SUMMARY OF THE DRAWINGS
[0011] FIG. 1 is a schematic perspective view of a first embodiment
of the commutator tool head of the invention;
[0012] FIG. 2 is a schematic tang-end view of a first embodiment of
a commutator engageable by the commutator tool head of FIG. 1;
and
[0013] FIG. 3 is a flow chart of the steps of a first method of the
invention which employs a commutator tool head, such as the
commutator tool head of FIG. 1, to process a commutator, such as
the commutator of FIG. 2.
DESCRIPTION OF THE PREFERRED EMBODIMENTS
[0014] Referring now to the drawings, FIG. 1 illustrates a first
embodiment of the present invention. In a first expression of the
first embodiment shown in FIG. 1, a commutator tool head 10 is for
engaging a commutator 12 (such as a first commutator embodiment
shown in FIG. 2) having a bore 14 and having tangs 16 surrounding
the bore 14. The commutator tool head 10 comprises a substantially
circular array 18 of circumferentially-spaced-apart and
commutator-tang-straightening pins 20. The array 18 has a
longitudinal axis 22, and the pins 20 are disposed substantially
parallel to the longitudinal axis 22. The pins 20 are
longitudinally disposable to enter the spaces 24 between the tangs
16 to engage and straighten the tangs 16.

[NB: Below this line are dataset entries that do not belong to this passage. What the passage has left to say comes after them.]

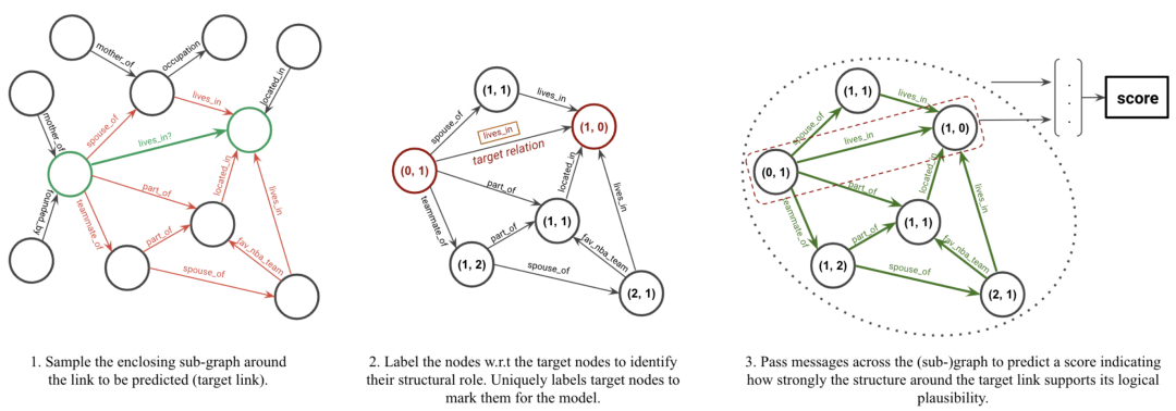 模型设计的是让该模型可以捕获到KG中潜在的规则,而不用对每一个实体学习一个专门的表示。这里的假设是对于两个需要被预测关系的目标节点(目标实体),它们之间的路径包含了被预测关系的信息。整个模型分为三个步骤
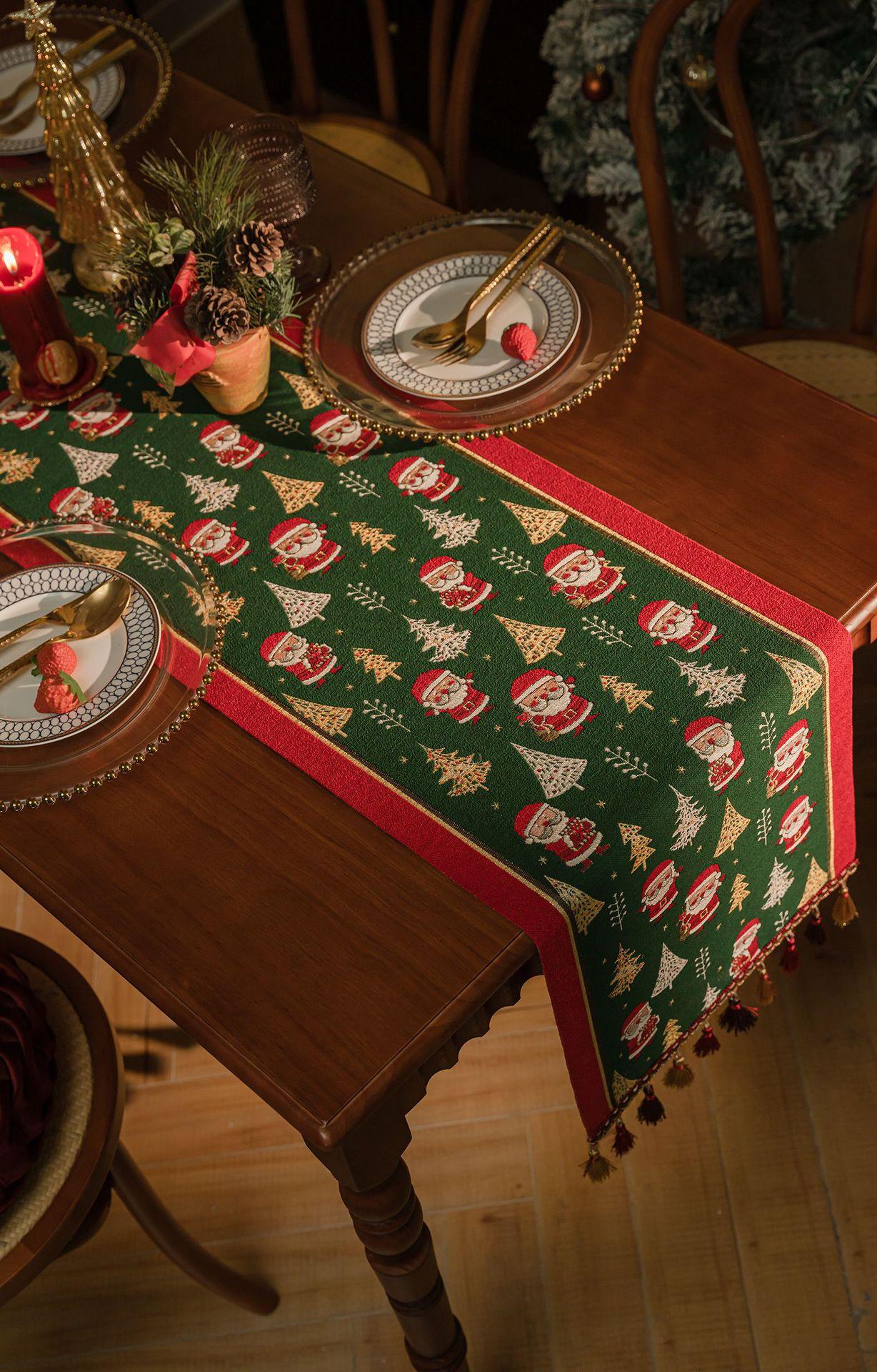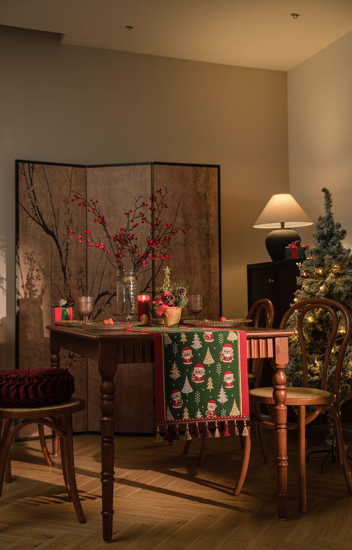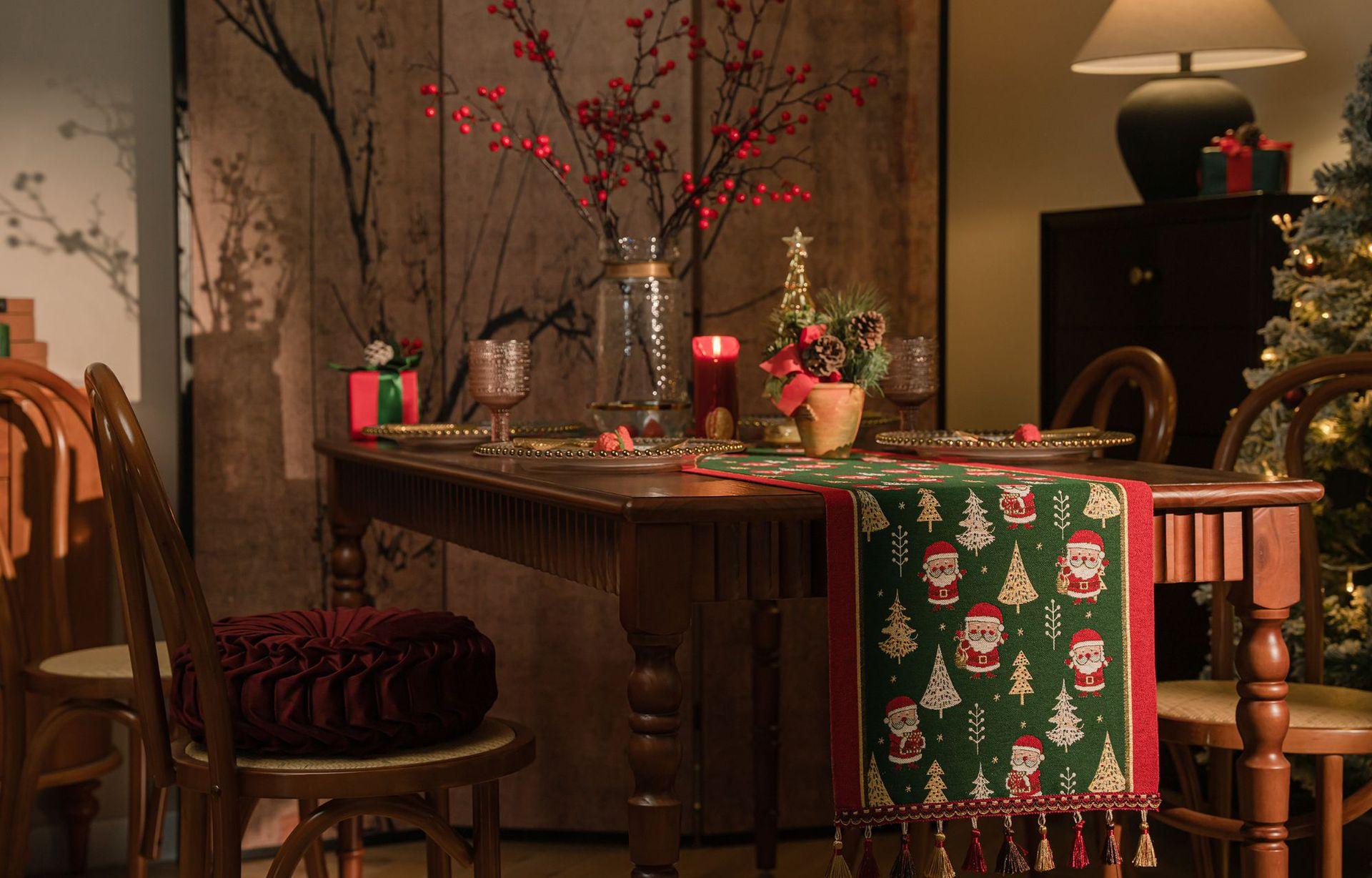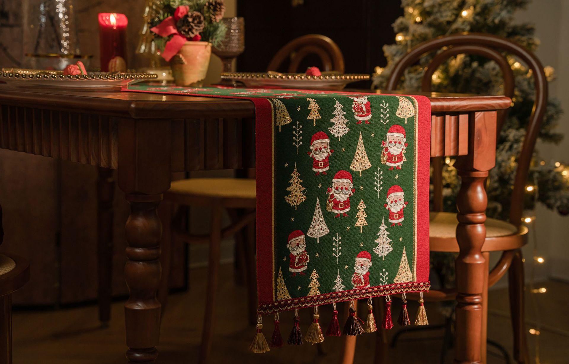 Caminho de Mesa Jacquard Tingido em Fio de Natal Transfronteiriço Americano Retrô Decoração de Restaurante de Natal Tecido de Cobertura com Franjas Bandeira para Aparador/Pé de Cama
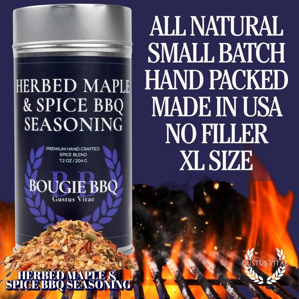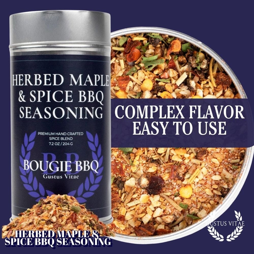 This gourmet seasoning, free from MSG, excessive amounts of sodium, artificial colors and flavors, fillers, and anti-caking agents, is made with only the best in sustainably sourced natural ingredients you can pronounce. Crafted in small batches and packed by hand, our Herbed Maple & Spice BBQ Seasoning brings out the best in big cuts, whole racks, thick steaks, and juicy burgers.
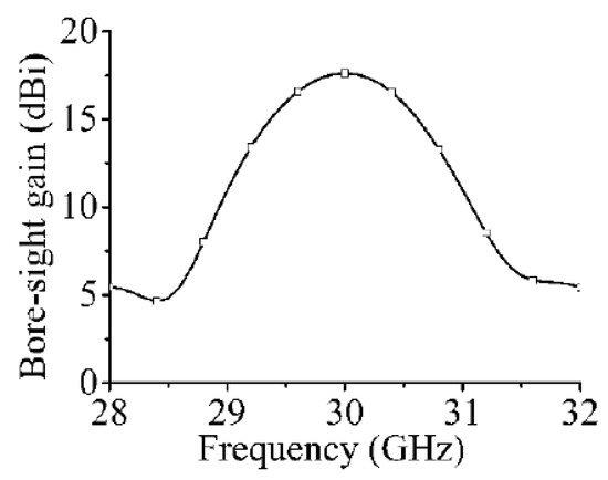 The simulated bore-sight gains of the array are shown in Figure 13. The maximum gain at 30 GHz is 17.6 dBi, which is 2.9 dBi higher than that of the single series-fed array in Figure 6.
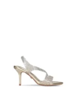 The Carvela Symmetry Court features a clear vinyl upper with gold crystal embellishments. The flattering ankle strap wraps around the foot. Heel height: 80mm.
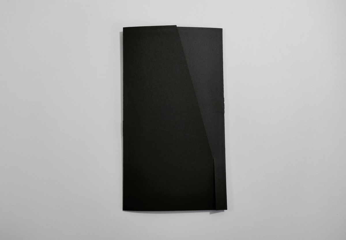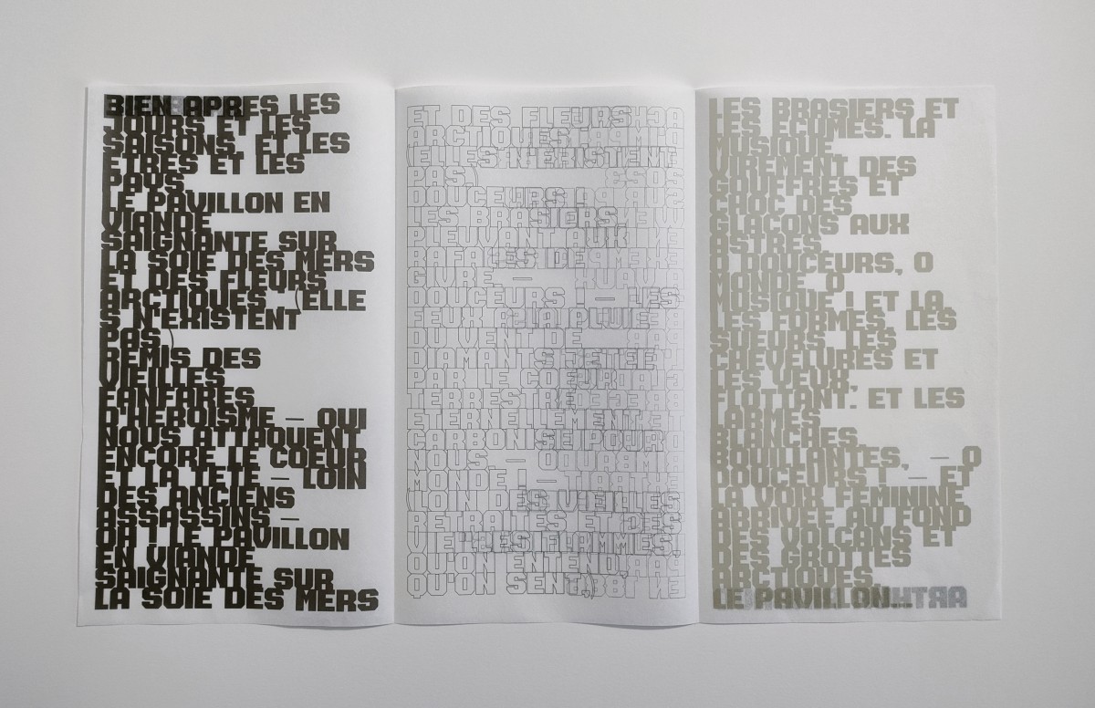 imprimé en police Barbara sur papier Wenzhou 30g. blanc 15x27cm, 2 plis, étui en pliage imbriqué Maya Clairefontaine 270g. noir 15,5x27,5cm
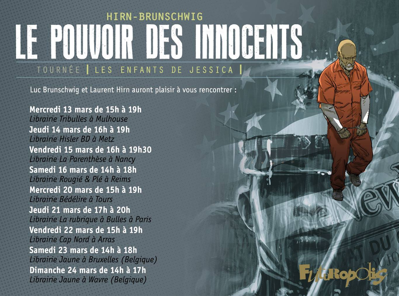 luc Brunschwig a écrit:La déception (je pense) aurait été l'arrêt des deux séries si on n'avait rien fait pour coordonner les séries entre elle et rappeler qu'il s'agit du Pouvoir des Innocents... en ça, Futuropolis a fait un choix courageux d'éditeur en pilonnant une grande quantité d'invendus pour revenir à une présentation plus apte à capter l'attention des anciens lecteurs (mission réussie)... les deux séries ayant été un gros échec commercial dans leur forme et leur nomination précédente
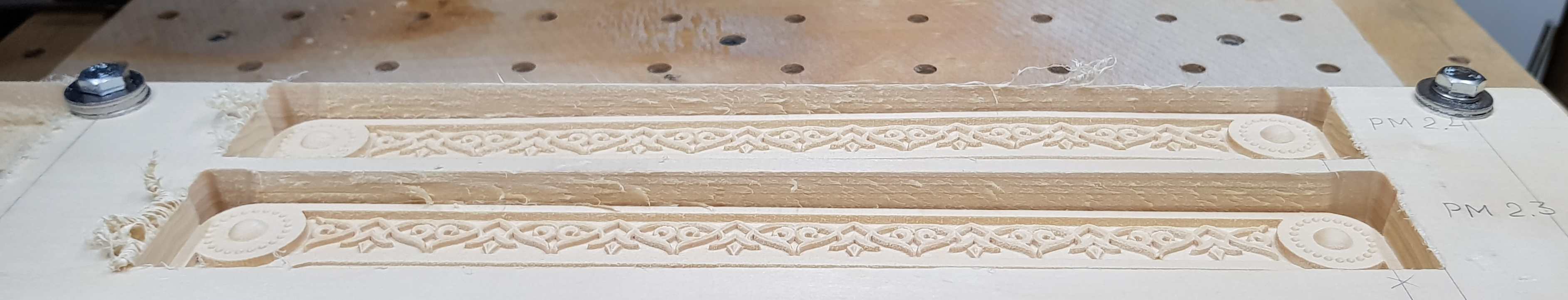 Не хотел раньше времени сообщать. Но, похоже, подчеркну - похоже, что проблема решена. Окончательная проверка состоится завтра, результат будет, надеюсь, положительный. Помощь оперативно оказана техподдержкой Purelogic, за что им огромное спасибо. Уже утром по Мск на почте у меня было объёмное письмо. Прислали несколько вариантов решения с подробным описанием, так сказать, "методику тестирования". Первым способом рекомендовали инвертировать сигнал STEP на двигателе оси Z. Что я и проделал. ПО вернул на версию 2.4. Запустил прогон "тестовой" полоски. Результат порадовал - никакой "волны" не наблюдается, всё, что должно быть ровным, ровное и есть. На фото - нижний рельеф.
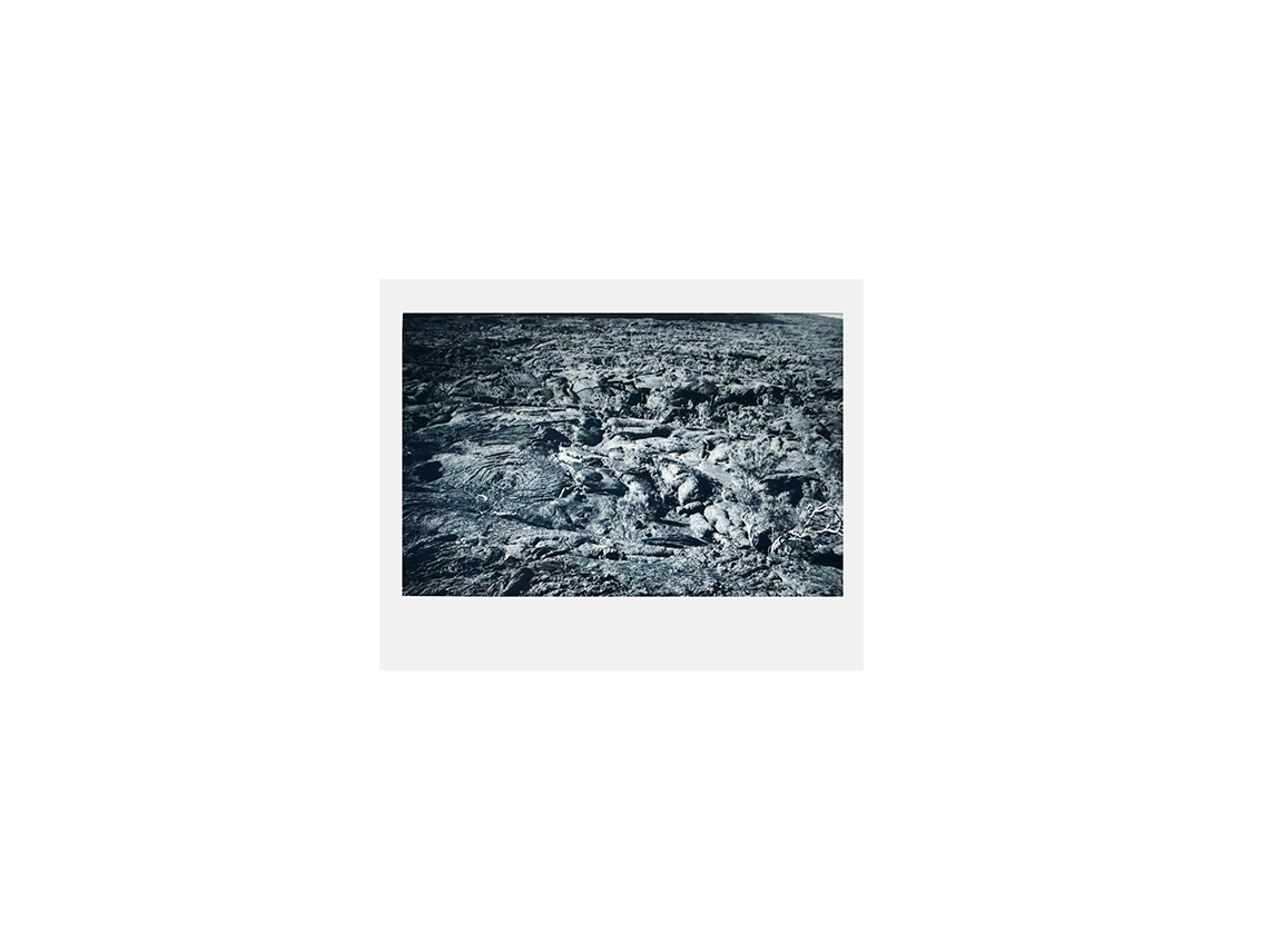 Le travail de terrain se prolonge ici sous nos yeux. L’artiste interroge la photographie qui l’interroge en retour : comment une image, née de lumière, peut-elle devenir tangible, presque sculpturale ? Que se passe-t-il au-delà du réel ? Si elle tend à saisir l’instant, les images se meuvent comme ces géographies, géologies concentriques où les volcans recomposent, remodèlent ce que nous croyons comme acquis. L’œil, est invité à reconstituer un nouveau paysage. Créer alors son propre voyage est à portée de main; comme s’approcher progressivement de ses lointains. Un dialogue s’insinue dans un tempo personnel et approprié. Ici l’humain comme le paysage est en transition. Nous en humons le soufre des scories.
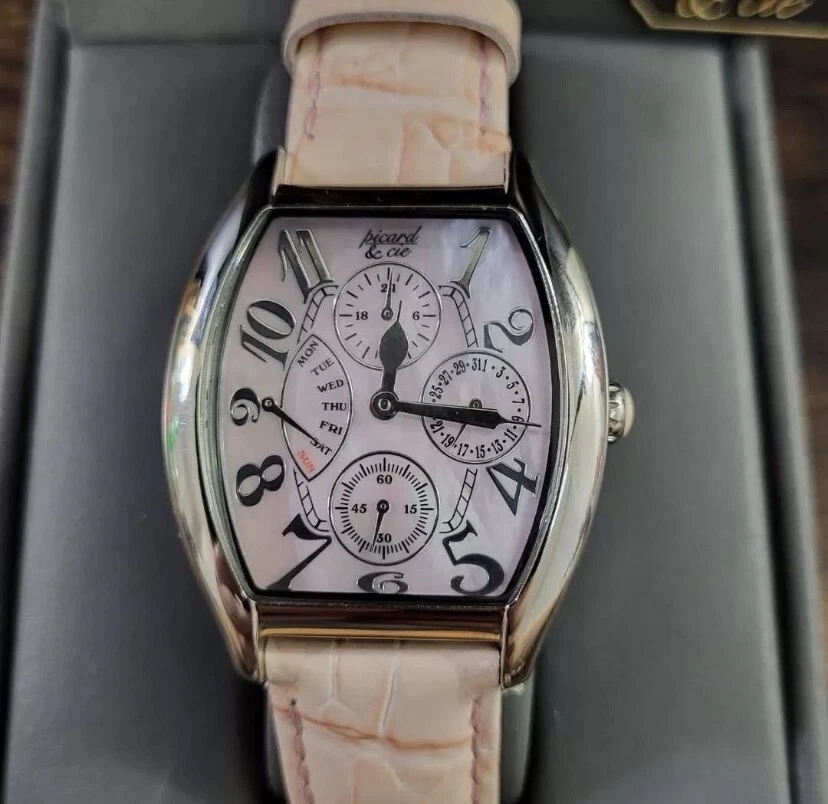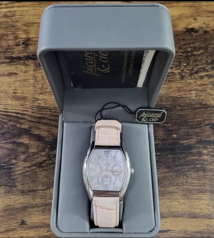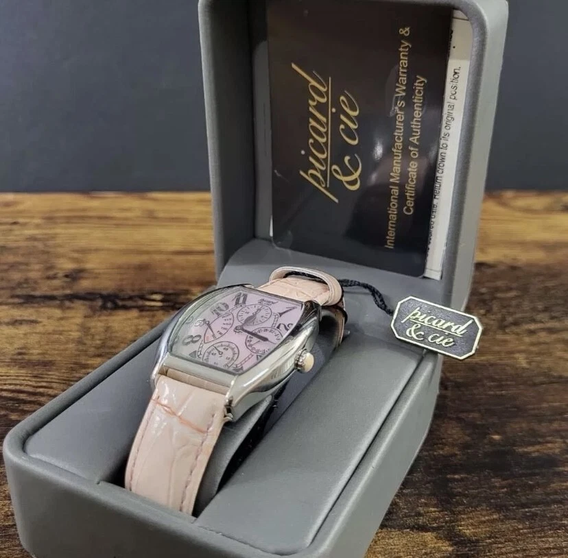 NIB PINK Women’s Watch W/ Leather Strap Pink Quartz Face Multi Dial Fashion

[0015] In one construction, the pins 20 fixedly project from a
substantially planar tool head surface 26 and longitudinal movement
of the commutator tool head 10 causes the pins 20 to be
longitudinally disposed to enter the spaces 24 between the tangs 16
to engage and straighten the tangs 16. In another construction, the
pins 20 are longitudinally movable with respect to the tool head
surface 26 to project from the tool head surface 26, and
longitudinal projecting movement of the pins 20 with respect to the
tool head surface 26 cause the pins 20 to be longitudinally
disposed to enter the spaces 24 between the tangs 16 to engage and
straighten the tangs 16. In one design, the pins 20 have tapered
ends 28 to facilitate engagement in the spaces 24 between the tangs
16 of the commutator 12. In another design, not shown, the pins
have bullet-nose ends. In one implementation, not shown, the
commutator tool head is mounted to a carriage which moves along a
track from a first location to a second location. In another
implementation, not shown, the commutator tool head is mounted to a
robot such as a numerically-controlled three-axis mechanism.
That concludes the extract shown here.